The DNNs are trained on natural human speech to predict the acoustic features of the audio. This modular approach has the advantage of enabling fast and easy training, as well as independent control of each component. Once the base networks are trained, they can then be adapted to new speaking styles or voices for branding and personalization purposes.
Neural voices produce speech that is crisp and clear, with a very natural-sounding and smooth audio quality. For more information about the service's neural voice technology, see
- The documentation Languages and voices
- The research paper High quality, lightweight and adaptable Text to Speech using LPCNet
- The research paper Transplantation of Conversational Speaking Style with Interjections in Sequence-to-Sequence Speech Synthesis
Concatenative synthesis
All concatenative voices, also referred to as standard voices, were deprecated as of 2 December 2020. The following information is maintained for general information purposes only. For more information about the deprecation of the concatenative voices, see the 2 December 2020 service update in the release notes for IBM Cloud.

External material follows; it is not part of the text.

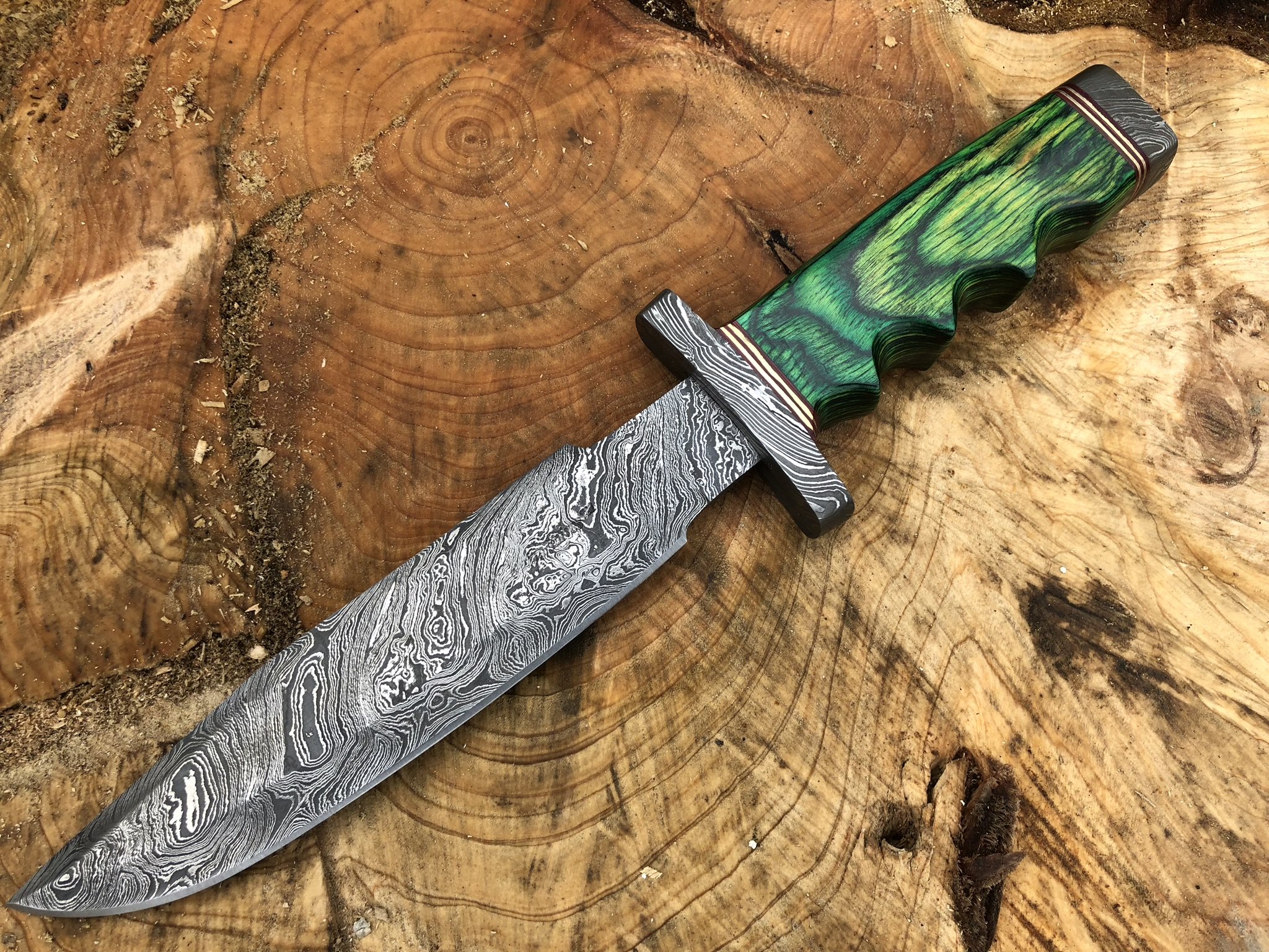 Perkin Knives Damastmesser Jagdmesser mit Scheide - Jagdmesser Bowie (Grüner Holzgriff und Damast)

Concatenative synthesis relies on an inventory of acoustic units from a large synthesis corpus to produce output speech for arbitrary input text. It is based on the following pipeline of processes. These processes facilitate an efficient, real-time search over this inventory of units followed by a post-processing of the units.
-
Acoustic model - This model consists of a decision tree that is responsible for generating candidate units for the search. For each of the phones in a sequence of phones to be synthesized, the model considers the phone in the context of the preceding and following two phones. It then produces a set of acoustic units that the search evaluates for fitness. This step effectively reduces the complexity of the search by restricting it to only those units that meet some contextual criteria and discarding all others.
-
Prosody target models - The prosody target models for some voices are based on Deep Recurrent Neural Networks (RNNs). For other voices, the models rely on decision trees to determine the prosody. In both cases, the models are responsible for generating target values for prosodic aspects of the speech (such as duration and intonation) given a sequence of linguistic features that are extracted from the input text. This list includes attributes such as part of speech, lexical stress, word-level prominence, and positional features (for example, the position of the syllable or word in the sentence). The prosody target models help guide the search toward those units that meet the prosodic criteria that are predicted by the models.
-
Search - Given the list of candidates that are returned by the acoustic model and the target prosody, this module carries out a Viterbi search. The search extracts a sequence of acoustic units that minimizes a cost function, which considers both concatenation and target costs. As a result, audible artifacts from joining two units are minimized, and the module tries to approximate the target prosody suggested by the prosody target models. This search also favors contiguous chunks in the synthesis corpus to further reduce such artifacts.
-
Waveform generation - When the search returns the optimal sequence of units, the system uses time-domain Pitch Synchronous Overlap and Add (PSOLA) to generate the output waveform. PSOLA is a digital signal-processing technique that is used for speech processing. Specifically, it is used for speech synthesis. It can modify the pitch and duration of a speech signal and blend the units that are returned by the search in a seamless way.
For all of the linguistic features in the previous back-end processes, the service uses a text-processing front end to parse the text before it synthesizes the text into audio form. The front end sanitizes the text of any formatting artifacts such as HTML tags. It then uses a proprietary language that is driven by language-dependent linguistic rules to prepare the text and generate pronunciations. This module normalizes language-dependent features of the text such as dates, times, numbers, and currency. For example, it performs abbreviation expansion from a dictionary and numeric expansion from rules for ordinals and cardinals.
Some words have multiple permissible pronunciations, so the text-processing front-end first produces a single, canonical pronunciation at run time. This approach might not reflect the pronunciation that the speaker used when the audio corpus was recorded. So the service augments a candidate set of pronunciations with alternative forms that are inventoried in an alternate-baseform dictionary. It lets the search choose forms that reduce cost in terms of pitch, duration, and contiguity concerns and constraints. This algorithm facilitates selection of longer contiguous chunks from the data set, resulting in an optimal flow of speech in the synthesized result.